EXERCISE INPUTS
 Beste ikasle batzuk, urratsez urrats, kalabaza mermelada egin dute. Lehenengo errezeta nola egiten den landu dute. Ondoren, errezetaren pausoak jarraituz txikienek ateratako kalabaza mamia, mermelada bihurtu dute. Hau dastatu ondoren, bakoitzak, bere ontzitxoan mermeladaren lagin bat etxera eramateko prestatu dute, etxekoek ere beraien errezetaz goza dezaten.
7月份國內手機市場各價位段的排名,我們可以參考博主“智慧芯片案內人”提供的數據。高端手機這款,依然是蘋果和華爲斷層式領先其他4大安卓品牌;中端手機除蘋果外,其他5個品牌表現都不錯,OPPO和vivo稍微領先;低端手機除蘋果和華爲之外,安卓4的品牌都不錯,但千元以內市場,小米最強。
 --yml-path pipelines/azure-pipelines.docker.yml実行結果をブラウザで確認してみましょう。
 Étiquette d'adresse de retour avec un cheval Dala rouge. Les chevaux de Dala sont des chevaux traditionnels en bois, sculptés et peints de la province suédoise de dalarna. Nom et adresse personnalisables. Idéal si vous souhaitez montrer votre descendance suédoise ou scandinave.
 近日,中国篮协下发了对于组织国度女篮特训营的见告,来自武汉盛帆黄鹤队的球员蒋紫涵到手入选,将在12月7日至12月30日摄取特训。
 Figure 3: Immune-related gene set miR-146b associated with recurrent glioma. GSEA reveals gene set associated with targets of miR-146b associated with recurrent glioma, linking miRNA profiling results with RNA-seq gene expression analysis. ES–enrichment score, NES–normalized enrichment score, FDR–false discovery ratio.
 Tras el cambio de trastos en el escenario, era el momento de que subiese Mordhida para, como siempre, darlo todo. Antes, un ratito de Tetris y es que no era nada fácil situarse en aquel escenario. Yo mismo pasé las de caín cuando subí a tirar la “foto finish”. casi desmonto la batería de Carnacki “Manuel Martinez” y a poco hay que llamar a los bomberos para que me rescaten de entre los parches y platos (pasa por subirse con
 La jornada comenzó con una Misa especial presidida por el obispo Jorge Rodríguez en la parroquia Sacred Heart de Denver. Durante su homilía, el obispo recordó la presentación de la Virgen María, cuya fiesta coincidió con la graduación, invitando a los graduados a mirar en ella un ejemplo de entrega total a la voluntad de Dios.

AIM OF THE EXERCISE
Retype every record above exactly.

EXPECTED OUTPUT
 Beste ikasle batzuk, urratsez urrats, kalabaza mermelada egin dute. Lehenengo errezeta nola egiten den landu dute. Ondoren, errezetaren pausoak jarraituz txikienek ateratako kalabaza mamia, mermelada bihurtu dute. Hau dastatu ondoren, bakoitzak, bere ontzitxoan mermeladaren lagin bat etxera eramateko prestatu dute, etxekoek ere beraien errezetaz goza dezaten.
7月份國內手機市場各價位段的排名,我們可以參考博主“智慧芯片案內人”提供的數據。高端手機這款,依然是蘋果和華爲斷層式領先其他4大安卓品牌;中端手機除蘋果外,其他5個品牌表現都不錯,OPPO和vivo稍微領先;低端手機除蘋果和華爲之外,安卓4的品牌都不錯,但千元以內市場,小米最強。
 --yml-path pipelines/azure-pipelines.docker.yml実行結果をブラウザで確認してみましょう。
 Étiquette d'adresse de retour avec un cheval Dala rouge. Les chevaux de Dala sont des chevaux traditionnels en bois, sculptés et peints de la province suédoise de dalarna. Nom et adresse personnalisables. Idéal si vous souhaitez montrer votre descendance suédoise ou scandinave.
 近日,中国篮协下发了对于组织国度女篮特训营的见告,来自武汉盛帆黄鹤队的球员蒋紫涵到手入选,将在12月7日至12月30日摄取特训。
 Figure 3: Immune-related gene set miR-146b associated with recurrent glioma. GSEA reveals gene set associated with targets of miR-146b associated with recurrent glioma, linking miRNA profiling results with RNA-seq gene expression analysis. ES–enrichment score, NES–normalized enrichment score, FDR–false discovery ratio.
 Tras el cambio de trastos en el escenario, era el momento de que subiese Mordhida para, como siempre, darlo todo. Antes, un ratito de Tetris y es que no era nada fácil situarse en aquel escenario. Yo mismo pasé las de caín cuando subí a tirar la “foto finish”. casi desmonto la batería de Carnacki “Manuel Martinez” y a poco hay que llamar a los bomberos para que me rescaten de entre los parches y platos (pasa por subirse con
 La jornada comenzó con una Misa especial presidida por el obispo Jorge Rodríguez en la parroquia Sacred Heart de Denver. Durante su homilía, el obispo recordó la presentación de la Virgen María, cuya fiesta coincidió con la graduación, invitando a los graduados a mirar en ella un ejemplo de entrega total a la voluntad de Dios.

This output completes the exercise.